The acceleration along your new y direction is not g, is it?

Is this a multiple choice question with the correct answer being one of A - E in the third photo? If so, then I see two courses of action
Plan A: Solve the problem correctly and compare your answer to what is given.
Plan B: Solve the problem for a special choice of ##\alpha## and ##\beta## and see which of the given five answers reduces to what you know to be the case.

I went with plan B and I chose ##\alpha = \beta = 45^o.## Then,
(a) the projection and landing angles relative the horizontal are also 45°;
(b) the trajectory is symmetric about the point where the inclines meet;
(c) the projectile returns to the same height from which it is launched;
(d) the horizontal range of the projectile is ##R=\dfrac{v_0^2}{g}##;
(e) the horizontal range is also ##R=2\times a \cos(45^o)=\sqrt{2}a##.

It follows, then, that when ##\alpha = \beta = 45^o##, ##v_0^2=\sqrt{2}ag.##

Which of the five choices gives this result?
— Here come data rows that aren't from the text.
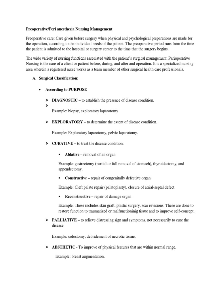 PERIOPERATIVE NURSING.pptx - Classification of surgery The ...
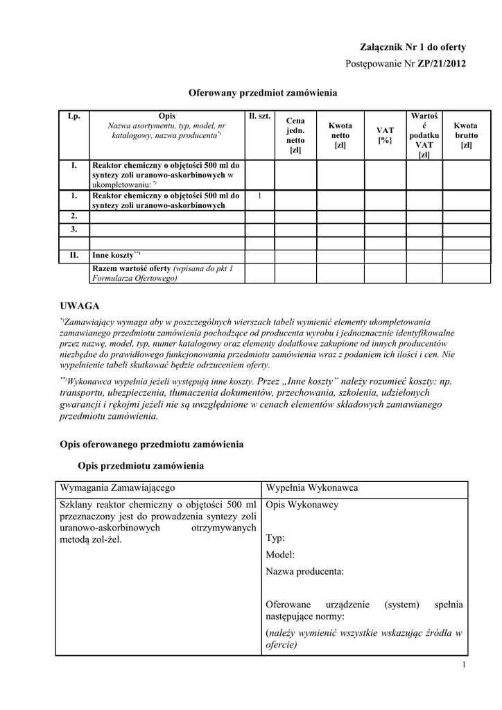 Załącznik Nr 1 do oferty Postępowanie Nr ZP/21/2012 Oferowany przedmiot zamówienia Lp. I. Opis Nazwa asortymentu, typ, model, nr katalogowy, nazwa producenta*) Reaktor chemiczny o objętości 500 ml do syntezy zoli uranowo-askorbinowych w ukompletowaniu: *) Reaktor chemiczny o objętości 500 ml do syntezy zoli uranowo-askorbinowych 1. Il. szt. Cena jedn. netto [zł] Kwota netto [zł] VAT [%} Wartoś ć podatku VAT [zł] Kwota brutto [zł] 1 2. 3. II. Inne koszty**) Razem wartość oferty (wpisana do pkt 1 Formularza Ofertowego) UWAGA *) Zamawiający wymaga aby w poszczególnych wierszach tabeli wymienić elementy ukompletowania zamawianego przedmiotu zamówienia pochodzące od producenta wyrobu i jednoznacznie identyfikowalne przez nazwę, model, typ, numer katalogowy oraz elementy dodatkowe zakupione od innych producentów niezbędne do prawidłowego funkcjonowania przedmiotu zamówienia wraz z podaniem ich ilości i cen. Nie wypełnienie tabeli skutkować będzie odrzuceniem oferty. Wykonawca wypełnia jeżeli występują inne koszty. Przez „Inne koszty” należy rozumieć koszty: np. transportu, ubezpieczenia, tłumaczenia dokumentów, przechowania, szkolenia, udzielonych gwarancji i rękojmi jeżeli nie są uwzględnione w cenach elementów składowych zamawianego przedmiotu zamówienia. **) Opis oferowanego przedmiotu zamówienia Opis przedmiotu zamówienia Wymagania Zamawiającego Wypełnia Wykonawca Szklany reaktor chemiczny o objętości 500 ml Opis Wykonawcy przeznaczony jest do prowadzenia syntezy zoli uranowo-askorbinowych otrzymywanych Typ: metodą zol-żel. Model: Nazwa producenta: Oferowane urządzenie następujące normy: (system) spełnia (należy wymienić wszystkie wskazując źródła w ofercie) 1 Reaktor chemiczny o objętości 500 ml do syntezy zoli uranowo-askorbinowych musi być ukompletowany i spełniać następujące parametry techniczne: L.p. Treść Parametry wymagane oferowane Zamawiający wymaga aby Wykonawca w swoim opisie dotyczącym poszczególnych punktów Wymagań Zamawiającego podał rzeczywiste dane oferowanego przedmiotu zamówienia wskazując źródła w dokumentacji dołączonej do oferty bez kopiowania informacji z rubryki obok 1 Reaktor chemiczny o objętości 500 ml 1. Reaktor chemiczny musi mieć statyw i podstawę, pręty wspierające, łączniki krzyżowe i złączki. 2. Statyw musi składać się z trzech wytrzymałych prętów ze stali nierdzewnej gwarantujących stabilność i redukujących do minimum wibracje podczas pracy. 3. Reaktor chemiczny musi mieć podstawę na odcieki z PE-HD. 4. Reaktor chemiczny musi mieć sprzęgło ze stali nierdzewnej, mocowane do mieszadła mechanicznego. 5. Reaktor chemiczny musi mieć samocentrujące się sprzęgło mieszadła, nie wymagające użycia narzędzi. 6. Reaktor chemiczny musi być wyposażony w prowadnicę pręta mieszającego wykonaną z PTFE ze sprzęgłem. 7. Reaktor chemiczny musi posiadać szklaną pokrywę naczynia reakcyjnego. 8. Reaktor chemiczny musi być wyposażony w uszczelkę O-ring wykonaną z FEP oraz kołnierz centrujący z PTFE. 9. Reaktor chemiczny musi mieć dwie obręcze przytrzymujące do naczynia wykonane ze stali nierdzewnej - dla każdego naczynia jedna obręcz. 10. Reaktor chemiczny musi mieć 2 szybko-złączkę do naczyń umożliwiającą natychmiastową ich wymianę, bez użycia narzędzi. 11. Reaktor chemiczny musi mieć węże łączące naczynie z głowicą wraz z szybko-złączkami. 12. Reaktor chemiczny musi zapewniać możliwość pracy z szerokim zakresem naczyń szklanych (z płaszczem termostatującym lub z płaszczem termostatującym i płaszczem próżniowym) o pojemnościach 250 ml, 500 ml, 1L, 2L, 3L i 5L. 13. Reaktor chemiczny musi być wyposażony w system mający możliwość współpracy ze wszystkimi dostępnymi na rynku mieszadłami mechanicznymi wiodących producentów. 14. Reaktor chemiczny musi mieć naczynie reakcyjne o objętości 500 ml z zaworem PTFE wraz z poniższym wyposażeniem-1 szt: złączki boczne, czujnik temperatury typu Pt100 PTFE z połączeniem Lemo, dopasowany do rozmiarów naczynia, adapter do czujnika temperatury z PTFE, pręt z kotwicową końcówką mieszającą z PTFE, dopasowany do rozmiarów naczynia. 15. Reaktor chemiczny musi być wyposażony w system dostosowany do pracy w zakresie temperatur -60ºC do +230°C. 16. Reaktor chemiczny musi być wyposażony w mieszadło mechaniczne - 1szt. 17. Mieszadło mechaniczne musi posiadać następujące cechy: maksymalny moment obrotowy 90 Ncm i chwilowe przeciążenia do 180 Ncm, zakres prędkości od 30 do 1000 obr./min, możliwość skalibrowania momentu obrotowego urządzenia przed lub w trakcie mieszania w celu monitorowania zmian lepkości cieczy w czasie, kontrolę prędkości za pomocą reostatu lub poprzez złącze, jasny, czytelny wyświetlacz wskazujący moment obrotowy i prędkość, praca z cieczami o lepkości do 40 000 mPas, stałą prędkość, nawet 3 przy zmianie lepkości. III. Inne wymagania: Wymagania Zamawiającego Wypełnia Wykonawca Oferowany zestaw musi być fabrycznie Oświadczam, że: nowy, wyprodukowany w 2012 roku. 1. Wykonawca zapewni na terenie Polski serwis gwarancyjny oraz serwis pogwarancyjny i zakup części zamiennych przez Zamawiającego przez okres co najmniej 5 lat, od daty zakończenia okresu gwarancji. 2. 3. W ramach udzielonej gwarancji Wykonawca pokryje koszty napraw urządzenia, jego wyposażenia i oprogramowania, a także pokryje koszty wymiany uszkodzonych elementów lub całej aparatury jeżeli zajdzie taka konieczność, koszty transportu, ubezpieczenia, koszty robocizny. 4. W okresie gwarancyjnym Wykonawca zapewni wykonanie całościowego przeglądu aparatury na miesiąc przed upływem terminu jej gwarancji. Wymagany termin dla realizacji niniejszego zamówienia, nie później niż do 15 października 2012 r. 5. Oferta musi być czytelna, sporządzona w języku polskim. Dopuszcza się możliwość składania opisów technic
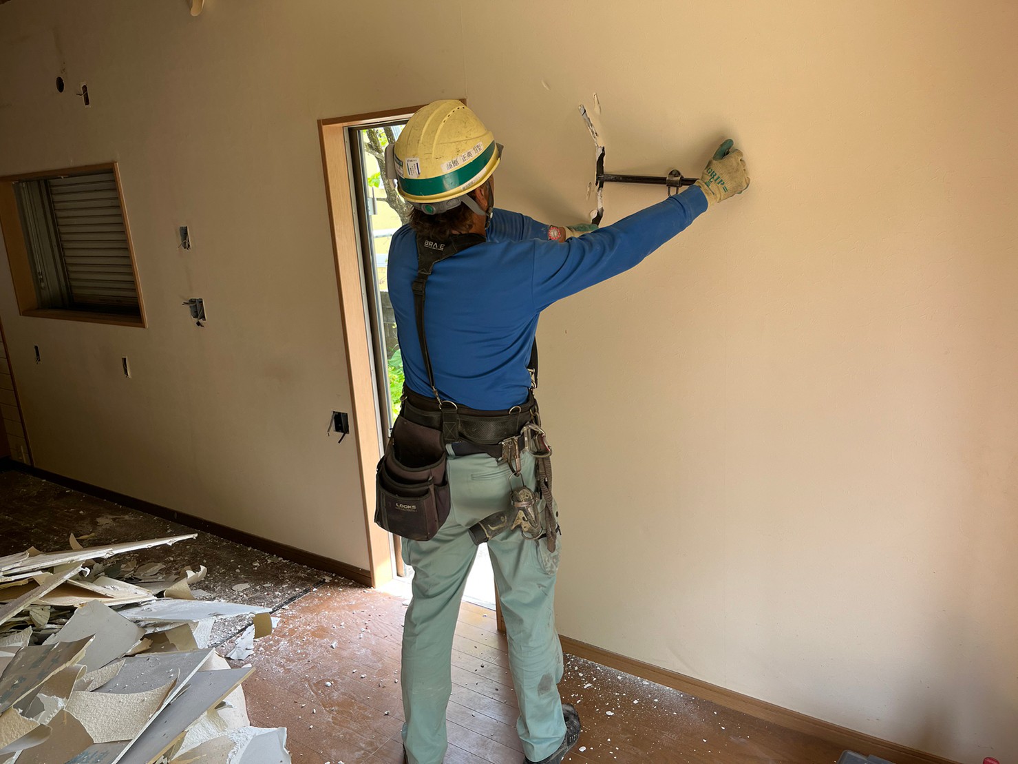 リフォームされていたこともあり、断熱材もしっかり入っており、耐震工事もされており、外壁の裏には構造合板が貼られておりました。
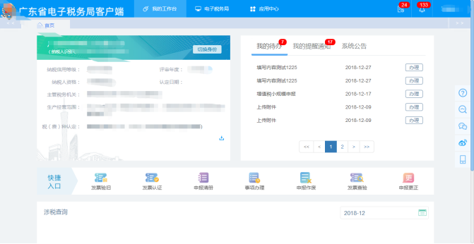 登錄成功后,我的工作臺首頁如圖,有名片,待辦通知,快捷入口,涉稅查詢等功能,可以方便相關(guān)辦稅服務(wù),名片中切換身份可以進(jìn)行身份切換,右上菜單顯示全部通知待辦數(shù)據(jù)和當(dāng)前企業(yè)名字。
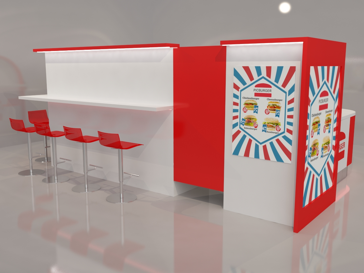 Wyspa handlowa dla firmy picburger z hamburgerami.
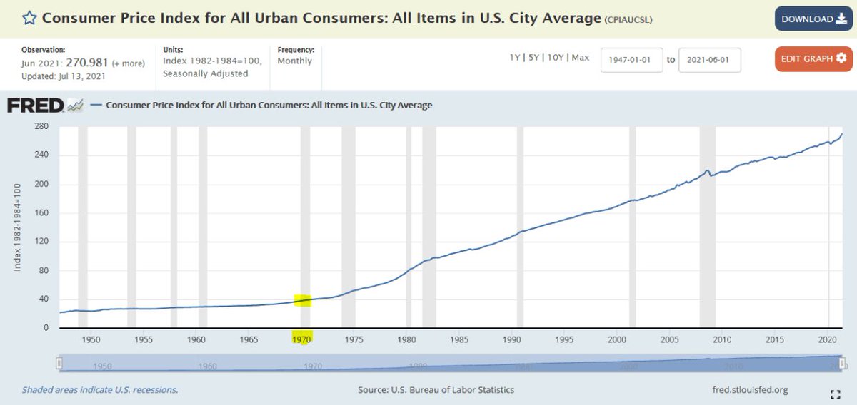 التضخم قاتل مطلق ، حتى لو كنت تعيش في ظل نظام "تضخم مستقر". يمكنك أن ترى مؤشر أسعار المستهلك الأمريكي يرتفع بسرعة بعد أن خرجو عن معيار الذهب في عام 1971. كان التضخم ضعيفًا حتى تلك النقطة ، ثم ارتفع بشكل مباشر. هذه ثروتك تتم سرقتها على مدى عقود.
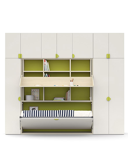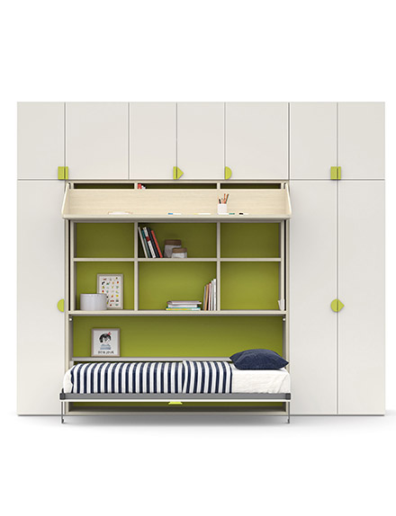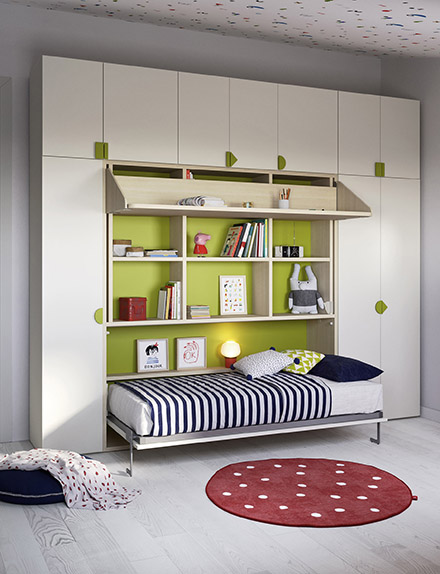 Spazio agli amici anche con Twiddy, un letto a scomparsa che chiuso sembra un semplice mobile, mentre aperto è un comodo letto pronto per gli amici da cui i ragazzi non vogliono separarsi. Ma c'è di più: Twiddy è personalizzabile con pomoli e appendiabiti per sfruttare al meglio gli spazi anche quando è chiuso.

I leave that up to you to figure out.

Lnewqban and DrClaude
@kuruman that is a clever approach. I have started a stab at doing Plan A and I'm not sure if I am on the right track yet or not. It is very easy to make an algebra mistake along the way. And looking at choices A - E, quite a bit of algebra will go into this.

@SayedD what language is the third image in? I have a translator app but it isn't making any headway on that problem statement.

kuruman
gmax137 said:
@kuruman that is a clever approach. I have started a stab at doing Plan A and I'm not sure if I am on the right track yet or not. It is very easy to make an algebra mistake along the way. And looking at choices A - E, quite a bit of algebra will go into this.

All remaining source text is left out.